One of the most striking findings in spintronics is unusual magnetoresistance (UMR). In this effect, the electrical resistance of a heavy metal changes when it is placed next to a magnetic insulator and the direction of magnetization rotates within a plane perpendicular to the flow of electric current. This behavior played a key role in shaping the concept of spin Hall magnetoresistance (SMR), which became the dominant explanation for UMR. Over time, SMR has been widely used to interpret results from many types of experiments, including magnetoresistance measurements, spin-torque ferromagnetic resonance, harmonic Hall voltage studies, magnetic field sensors, and switching of magnetization or Néel vectors.
As more experiments were carried out, researchers noticed something puzzling. UMR showed up in nearly all magnetic systems, even in cases where no spin Hall material was present. The effect was also detected in systems where SMR theory clearly does not apply (e.g., those without a spin Hall effect). To address these inconsistencies, scientists proposed a growing list of alternative explanations tied to spin currents or related effects. These included Rashba-Edelstein MR, spin-orbit MR, anomalous Hall MR, orbital Hall MR, crystal-symmetry MR, orbital Rashba-Edelstein MR, and Hanle MR. Each was designed to account for the “SMR-like” signals observed in specific experimental setups.
A New Experimental Answer Emerges
More recently, Prof.
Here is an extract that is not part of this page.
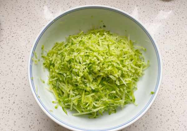3、揉面的時候,我們把青蘿卜清洗幹凈,用刨絲器刨成蘿卜絲。
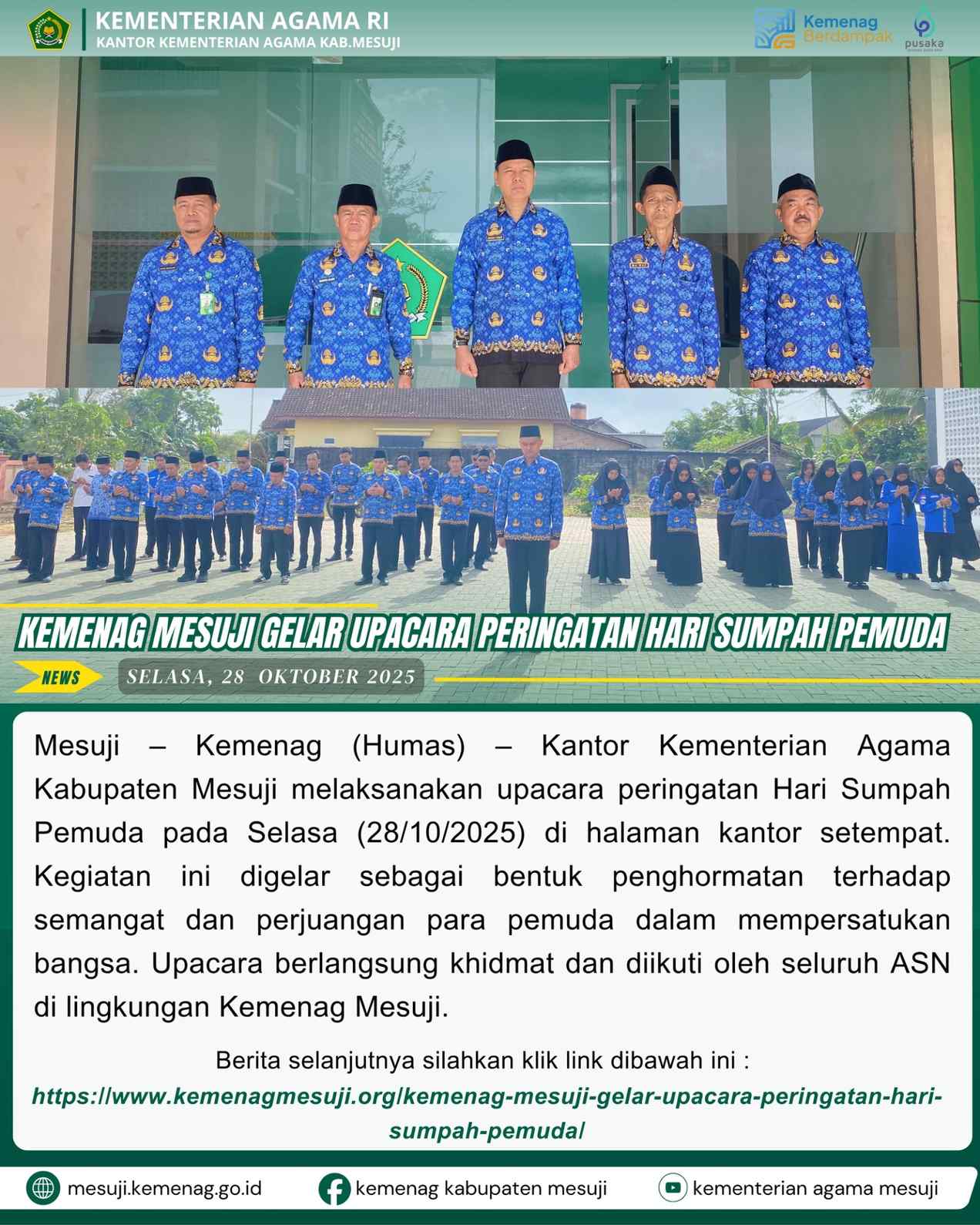 Mesuji, Kemenag (Humas) – Kantor Kementerian Agama Kabupaten Mesuji menggelar kegiatan bimbingan teknis (bimtek) Sistem Informasi Kearsipan Dinamis Terintegrasi (Srikandi)…

Lijun Zhu of the Institute of Semiconductors at the Chinese Academy of Sciences and Prof. Xiangrong Wang of the Chinese University of Hong Kong presented clear experimental evidence pointing to a different origin of universal UMR. Their work shows that the effect arises from how electrons scatter at interfaces, with this scattering controlled by both the magnetization and the electric field at the interface. This process is known as two-vector magnetoresistance. Crucially, this explanation does not rely on spin currents, which removes many of the complications found in earlier models.
Their experiments revealed that very large UMR signals can appear even in single-layer magnetic metals. They also found that the effect includes higher-order contributions and follows a universal sum rule. All of these observations closely match what the two-vector MR model predicts, without the need to invoke spin-current-based mechanisms.
Reinterpreting Decades of Experimental Data
The researchers also carried out a careful review of previous studies. This reanalysis showed that many influential experimental results once attributed to spin Hall magnetoresistance or other spin-current-related, or even unrelated, mechanisms can be consistently explained using the two-vector MR framework. In addition, they highlighted several experimental and theoretical findings that directly conflict with spin-current-based MR models but are naturally explained by the two-vector approach.
A Challenge to a Long-Standing Theory
Together, these results pose a serious challenge to the long-accepted SMR theory. They provide the first strong experimental confirmation of the two-vector magnetoresistance model and establish a single, universal physical explanation for UMR. By doing so, the work offers a simpler and more comprehensive way to understand magnetoresistance across a wide range of spintronic systems.
This research was recently published in National Science Review under the title “Physics Origin of Universal Unusual Magnetoresistance.”